Product Management Part 2: Mastering the Product Role

Product Management Part 2: Mastering the Product Role


Product is the connector between business and technology. In addition to the roles and responsibilities of doing the core job, there are a few differentiating factors that can make a good product owner a great one.

As a continuance from my previous article, Product Management: Navigating the Product Role, there are key areas that a great product owner really understands:

Stakeholders

Stakeholders should be viewed as those benefiting and/or impacted by what you are building. There are set stakeholders identified, usually by the business, but as a product owner, you should be able to identify additional stakeholders to account for the full picture. That includes those who may be impacted, not just those who are benefitting from the product or experience. Communications teams could be a stakeholder, as they will help implement, train or announce what you are working on. Analytics could be a stakeholder, as the work could affect tracking or reporting. Teams who run tests (usually optimization or analytics teams) could be a stakeholder, as they may want to test and learn in the experience or functionality you are working on.

A user should always be a stakeholder, but may not be a formally identified stakeholder. I’ve always worked on incorporating anecdotal or formal user research to ensure I am understanding how the product is actually used. That could look like doing a side by side with an actual user in a sales channel, or looking at the analytics dashboard to see what the behavior looks like, or conducting user research, or replaying an experience to see how a user interacts with the experience. At times that has lead to working on features that no one else had thought of, but was something the user truly needed thanks to giving the user a seat at the table.
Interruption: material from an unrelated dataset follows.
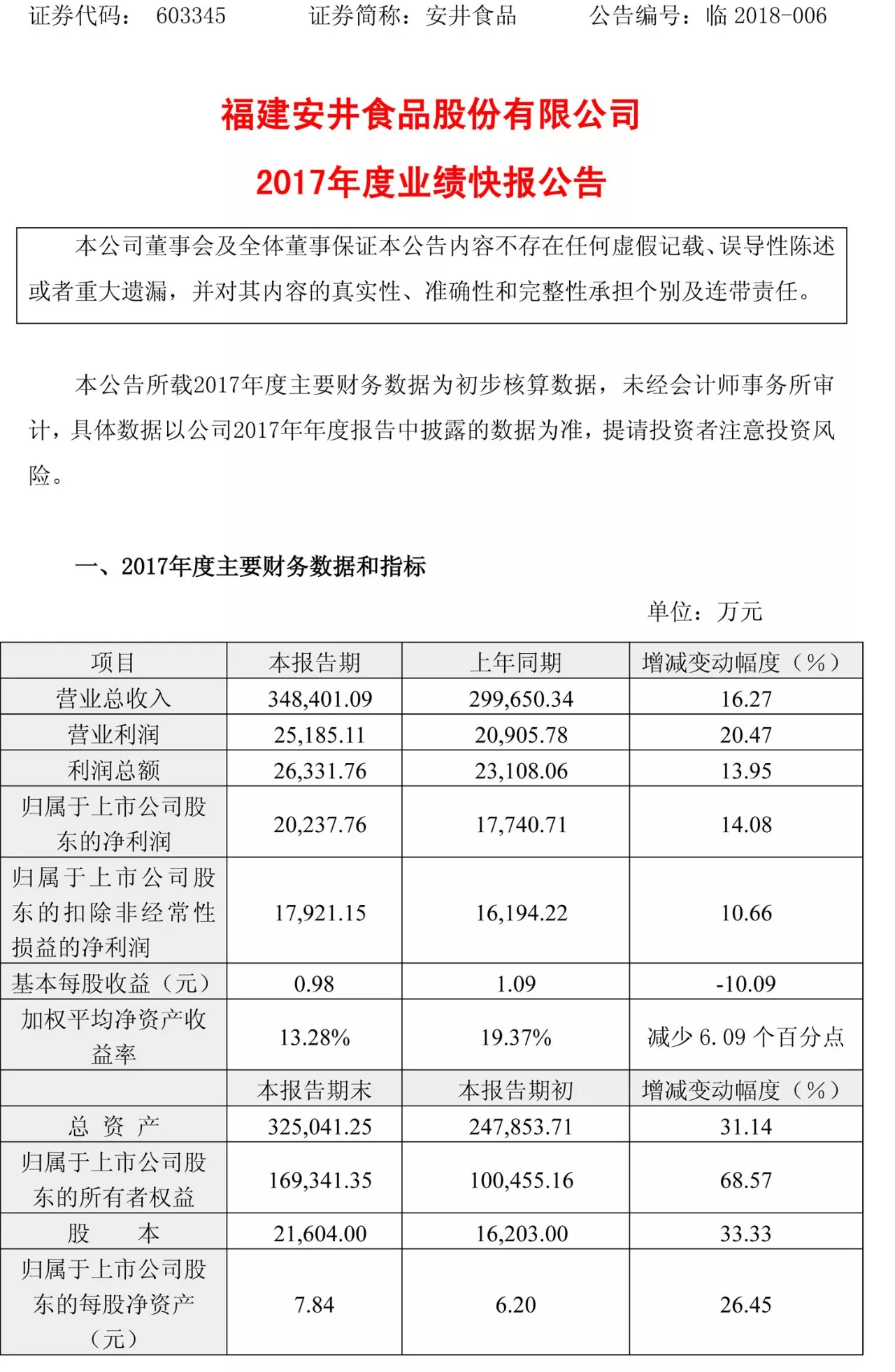 公告顯示2017年,安井食品實現(xiàn)營業(yè)收入34.8億元,同比增長16.27%,實現(xiàn)利潤總額2.63億元,同比增長13.95%;歸屬于上市公司股東的凈利潤2.02億元,同比增長14.08%。

Having the proper and full list of stakeholders gives you a comprehensive view of all the needs and all the impacts and dependencies of the experience you are working on and will set you up for success in a product role.

Design

Design will likely be a big part of the working process, especially when you are working on front end products or experiences. It is a key part of the trifecta in the space: product, design, engineering. But understanding design, what they think of and what they ask about, will help you be a better product owner. While it may be a step in the process, you could bring design into more parts of the process to fully think through the impacts on the user experience. I think design is often overlooked, as they are brought in a bit late and may work in a silo. If you bring in designers earlier on, as more of a consultation than an actual design ask, you can understand the impacts to the front end experience better, you could simplify something visually that will improve the experience and it will make it easier for them to produce a seamless, cohesive, applicable design later in the process as well with the context they gain. By doing so, design will start to be aware of the impacts of their ideas and designs on the the front end code, and the engineers will also understand how their solutions may impact the user experience.

Experience

Experience in other areas helps you identify better with the stakeholders, so you can truly represent or identify with your stakeholders. I have experience in the MarTech product space, but I’ve also done marketing strategy (marketing), I’ve done analytics (data science), I’ve worked closely with a design team (design/ux), I’ve managed a budget (finance) so I can really speak the language of those respective teams and stakeholders. By having that experience, when I work on the tech stack that powers the marketing function, I can understand the needs of the teams and where they are coming from because I’ve been in their shoes before. Not only that, but the real differentiating factor here is to anticipate the needs or requirements from those areas that you’ve worked in before. That makes a truly successful product owner.

Details

Product owners need to be very detail oriented. As part of the Software Development Life Cycle (SDLC), a product owner documents the high level requirements (Epics) and has to break it down into smaller pieces (features, user stories), including the definition of done (acceptance criteria). By doing so, the product owner needs to not only document everything related to the high level requirements, but also understand all the little pieces that it will take to get that larger effort done and what ‘done’ looks like (including what it doesn’t look like). This requires the ability to think of all the details, break a big task into a bunch of smaller pieces, and the attention to detail to know when something is missing or not. Asking the right questions is a must in order to get into the proper level of detail.

Questions

Asking good questions is really foundational in being a good product owner, but asking the right questions at the right time in the right way can differentiate someone in this role. In order to really understand the stakeholders, what they are asking for, and get to the right level of detail, you do so by asking questions. No one is going to hand you the perfect requirements (if they do, please let me know because I want to meet these rare humans). You need to ask questions to be able to a) understand and b) uncover more, c) find the detail you need and d) uncover the impacts/dependencies that no one is thinking of. Some questions to start with:

What is the impact of getting this done?

Who does this impact?

Who is the user/customer?

How will this change the current experience?

Who will share/implement the change when it’s done?

Who needs to do the work?

How do I know the work is done?

Once you have the basics down, you can focus on the above areas to be really successful in your product role and thrive as a connector and translator between teams making a positive impact on your end user(s) experience.